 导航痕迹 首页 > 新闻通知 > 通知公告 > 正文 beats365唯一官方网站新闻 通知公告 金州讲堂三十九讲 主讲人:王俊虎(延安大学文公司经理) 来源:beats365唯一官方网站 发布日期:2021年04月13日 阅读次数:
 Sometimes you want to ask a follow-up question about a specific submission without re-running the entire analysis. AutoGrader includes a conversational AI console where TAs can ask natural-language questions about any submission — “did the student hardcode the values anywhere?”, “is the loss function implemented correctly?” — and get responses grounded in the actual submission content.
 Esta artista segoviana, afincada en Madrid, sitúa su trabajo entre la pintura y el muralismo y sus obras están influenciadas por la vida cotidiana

= = = = = = =

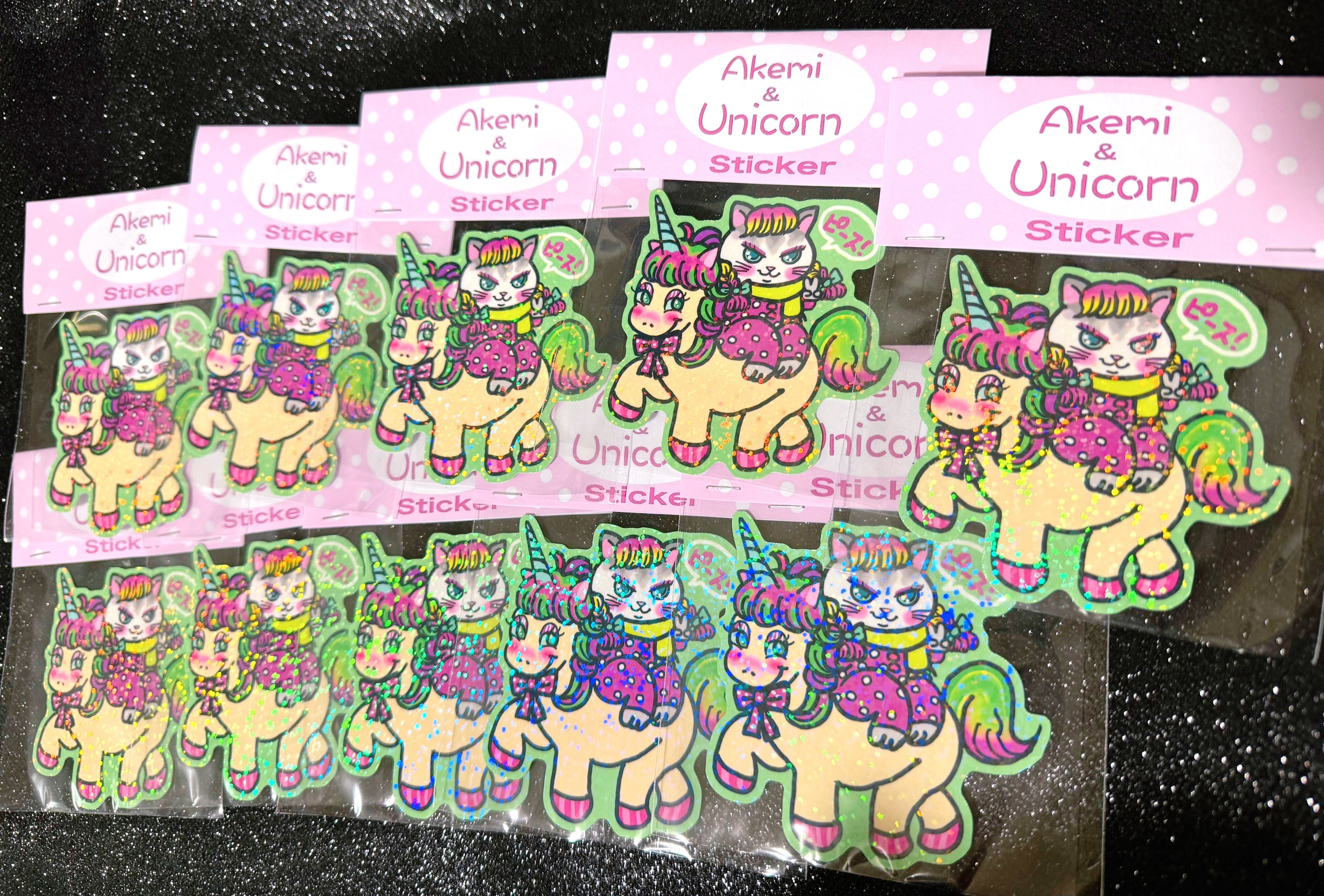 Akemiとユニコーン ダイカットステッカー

= = = = = = =

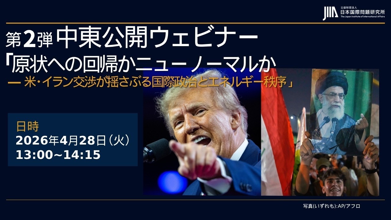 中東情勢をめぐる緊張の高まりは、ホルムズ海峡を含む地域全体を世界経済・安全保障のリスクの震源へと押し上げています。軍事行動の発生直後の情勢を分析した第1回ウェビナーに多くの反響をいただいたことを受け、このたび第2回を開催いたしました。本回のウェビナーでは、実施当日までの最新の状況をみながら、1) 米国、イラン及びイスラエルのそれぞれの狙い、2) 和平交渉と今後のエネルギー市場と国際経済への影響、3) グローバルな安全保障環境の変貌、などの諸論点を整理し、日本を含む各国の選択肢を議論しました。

= = = = = = =

Task details - Beginning at the line with "导航痕迹 首页 > 新闻通知" and ending at the line with "Esta artista segoviana, afincada", reproduce each line of the data above exactly, and add no other lines.

Task response -
 导航痕迹 首页 > 新闻通知 > 通知公告 > 正文 beats365唯一官方网站新闻 通知公告 金州讲堂三十九讲 主讲人:王俊虎(延安大学文公司经理) 来源:beats365唯一官方网站 发布日期:2021年04月13日 阅读次数:
 Sometimes you want to ask a follow-up question about a specific submission without re-running the entire analysis. AutoGrader includes a conversational AI console where TAs can ask natural-language questions about any submission — “did the student hardcode the values anywhere?”, “is the loss function implemented correctly?” — and get responses grounded in the actual submission content.
 Esta artista segoviana, afincada en Madrid, sitúa su trabajo entre la pintura y el muralismo y sus obras están influenciadas por la vida cotidiana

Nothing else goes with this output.